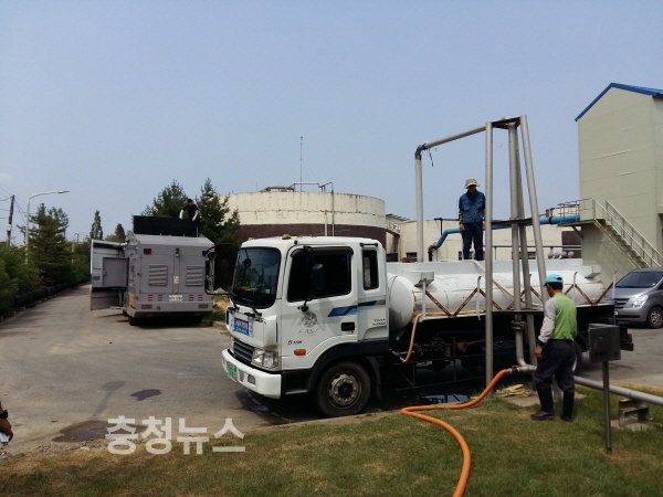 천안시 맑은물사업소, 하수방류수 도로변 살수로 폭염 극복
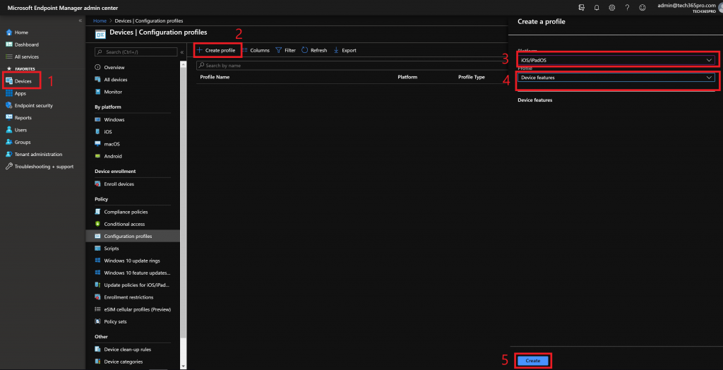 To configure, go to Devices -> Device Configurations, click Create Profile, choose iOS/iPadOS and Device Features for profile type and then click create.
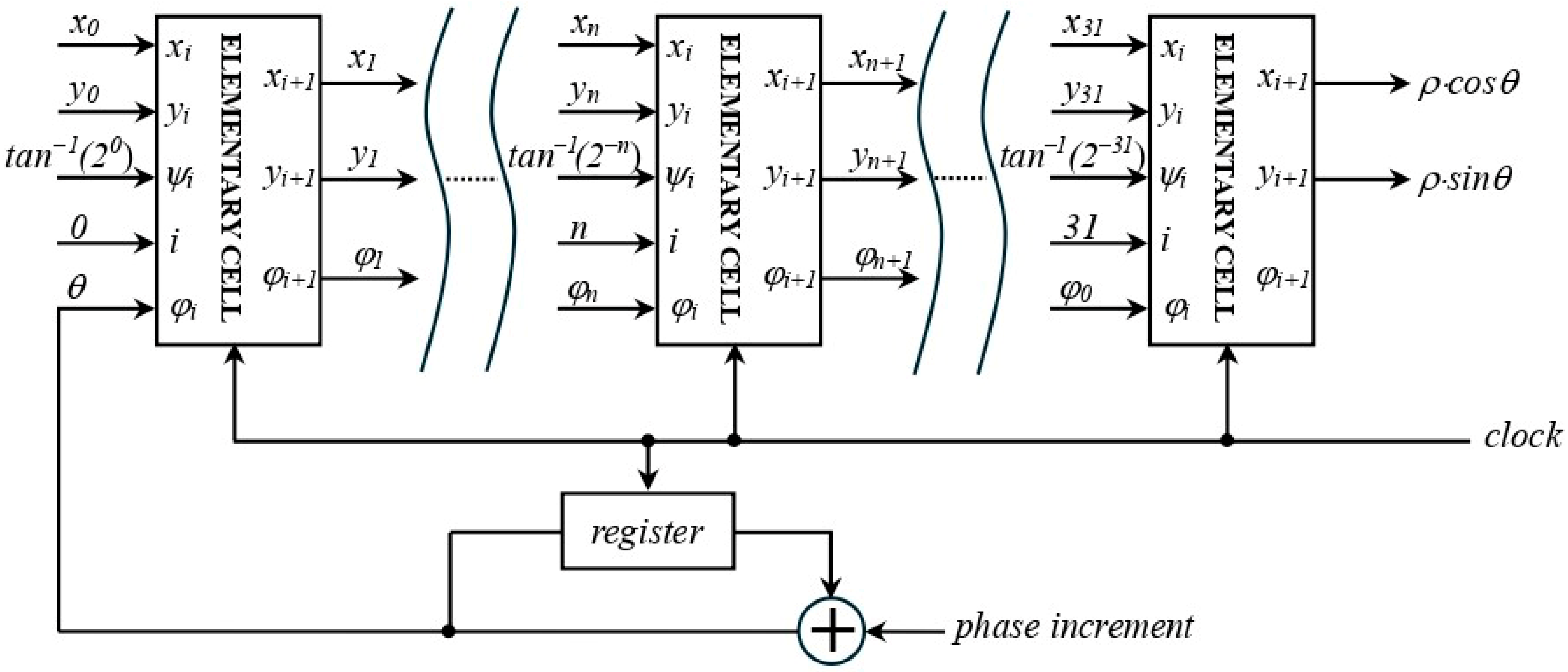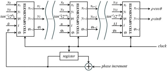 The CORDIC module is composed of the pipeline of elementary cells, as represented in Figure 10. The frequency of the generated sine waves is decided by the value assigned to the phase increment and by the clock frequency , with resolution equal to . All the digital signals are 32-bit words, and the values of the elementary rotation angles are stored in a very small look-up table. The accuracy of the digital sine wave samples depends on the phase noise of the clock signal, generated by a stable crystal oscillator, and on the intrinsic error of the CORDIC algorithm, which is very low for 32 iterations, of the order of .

_Description of the task_. Leave the images aside and retype each line of the listing above exactly.

_Answer section_.
 천안시 맑은물사업소, 하수방류수 도로변 살수로 폭염 극복
 To configure, go to Devices -> Device Configurations, click Create Profile, choose iOS/iPadOS and Device Features for profile type and then click create.
 The CORDIC module is composed of the pipeline of elementary cells, as represented in Figure 10. The frequency of the generated sine waves is decided by the value assigned to the phase increment and by the clock frequency , with resolution equal to . All the digital signals are 32-bit words, and the values of the elementary rotation angles are stored in a very small look-up table. The accuracy of the digital sine wave samples depends on the phase noise of the clock signal, generated by a stable crystal oscillator, and on the intrinsic error of the CORDIC algorithm, which is very low for 32 iterations, of the order of .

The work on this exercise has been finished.